Aventamos a hipótese de um papel destacado, na narrativa arguediana, reservado à indução ou impertinência semântica. O desvio do sentido, apenas potencializado pela utilização daquelas imagens, os oxímoros, é operado de modo mais abrangente na narrativa de El Zorro. O “acesso à referência num modo virtual” (Ricoeur) não é necessariamente garantido com a suspensão da “referência real”, isto equivale a dizer que algumas imagens suscitadas na narrativa não chegam a coalescer, permanecendo como uma tensão difusa da linguagem. A explicitação disto poderia ser feita desde muitos caminhos, porém elegemos uma passagem específica capaz de dar conta do que estamos propondo.

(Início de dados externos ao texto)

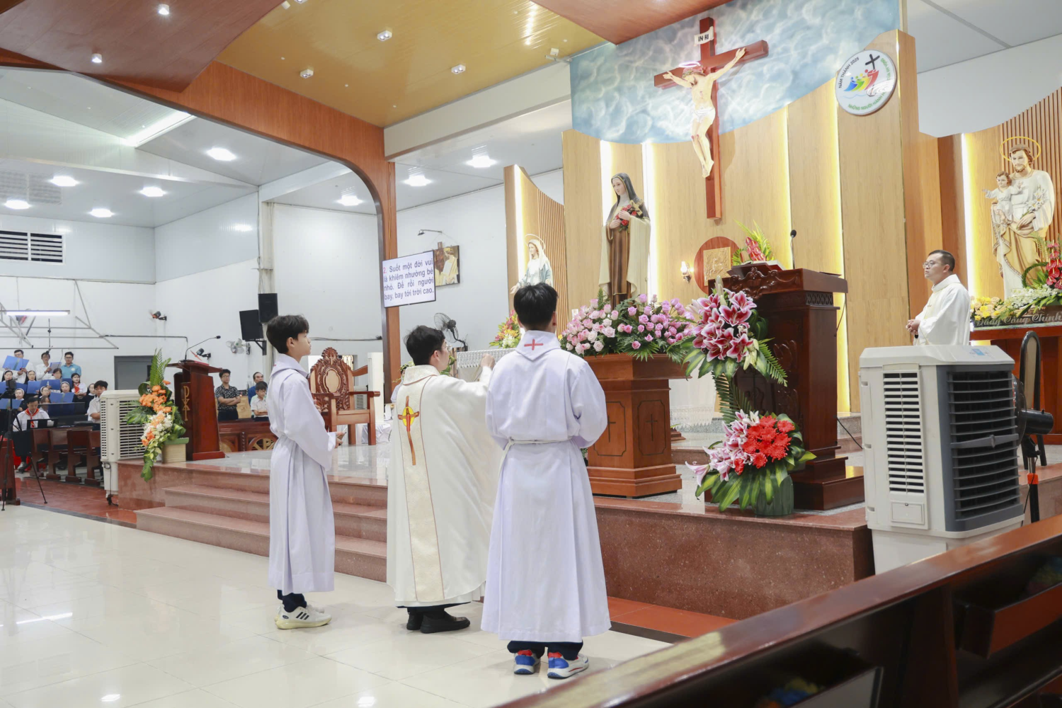 Thánh lễ do cha Giuse Trần Hải Giang - Quản nhiệm giáo xứ - chủ sự. Đồng tế có cha Giuse Đỗ Trọng Luân - phó xứ, cùng sự hiện diện của các nữ tu Hội Dòng Mến Thánh Giá Tân Việt, các ban ngành, đoàn thể và đông đảo cộng đoàn dân Chúa.

Me compadre es complacencia. Es testigo de me vida, yo tamién de so vida. Nada más, pues. Para todos, loco, loco que manso predica; testigo de me vida, para mí. Yo bravo “homilde”, él, soberbio. Así la Santa Biblia; desigual, como el mina de carbón y el luz de “los cielos” qu’intraba por las ventanas al socavón más profundiento, pues; donde todos los obreros el pulmón hemos dejado (Arguedas, 1996, 136).

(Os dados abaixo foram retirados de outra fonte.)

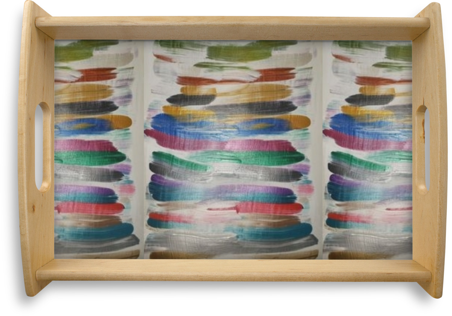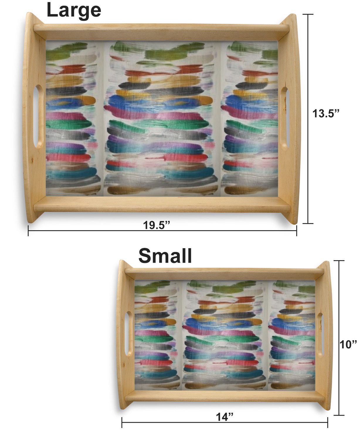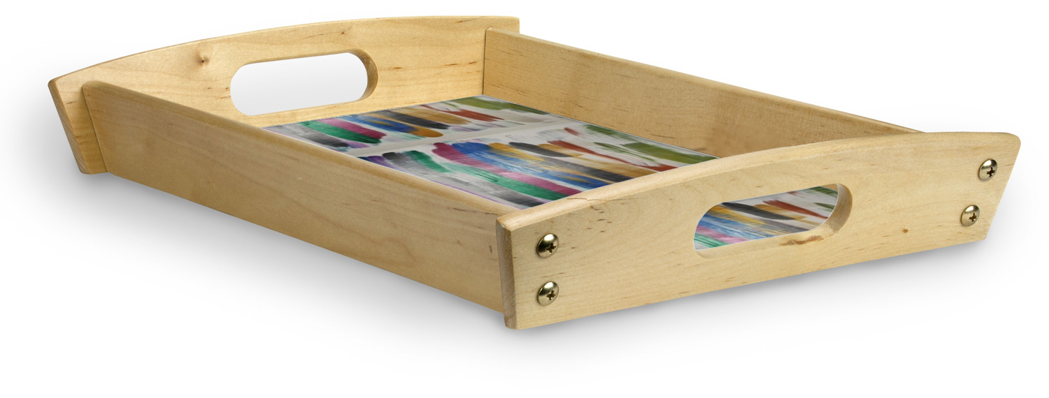 This serving tray with handles features square edges and two rounded sides, creating a very modern look. Each side is fabricated from a beautifully cut, natural wood. The bottom of the interior of the tray displays your customized design in bright, vibrant color. The tray is sold in both a black color and a natural wood look. Each variation of the wood serving tray has two sizes: Small, which is 14" x 10" x 2.25", and Large, which is 19.5" x 13.5" x 2.75".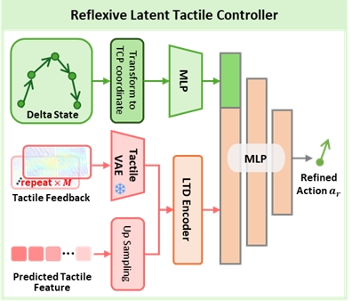 反射式触觉控制器(执行模块):基于预测触觉与实时触觉反馈,在 60 Hz 高频下输出单步修正动作,对慢系统生成的动作序列进行连续闭环补偿。该控制器通过建模触觉误差(预测–观测差异)实现快速响应,可在接触扰动、物体偏移或摩擦变化等情况下即时修正执行轨迹,从而显著提升操作稳定性与精度。其引入使系统具备类似人类“触觉反射”的能力,能够有效弥补低频规划带来的滞后性。

Entre os recursos que transparecem neste trecho como produto da elaboração linguística de falantes de quéchua cuja experiência profunda tem que expressar-se, forçosamente, em castelhano, como ocorre com Esteban, destaca-se a utilização de substantivos na forma adjetivada, “me compadre es complacencia”. Existe, porém, outra característica que vai ganhando consistência por meio da mescla, muito marcada na narrativa arguediana de El Zorro, entre o nível mais condensado da materialidade e aquilo que haveria de mais etéreo, diáfano. Acerca de uma contraposição como esta, tão entranhadamente trabalhada na tessitura do diálogo dos dois personagens, a passagem erige um quadro que não poderia ser mais claro. A luz celestial e o recôndito mais profundo da terra são indissociáveis na visão que se apresenta. Ajudam a compor extratos coadjuvantes na fala e no temperamento das personagens. Assim é também a própria escritura da Bíblia, segundo Esteban, “desigual”. Estes dois âmbitos são roçados pela linguagem, ou melhor, somente por intermédio dela a tênue luminosidade e a obscuridade mais densa chegam a se tornar palpáveis.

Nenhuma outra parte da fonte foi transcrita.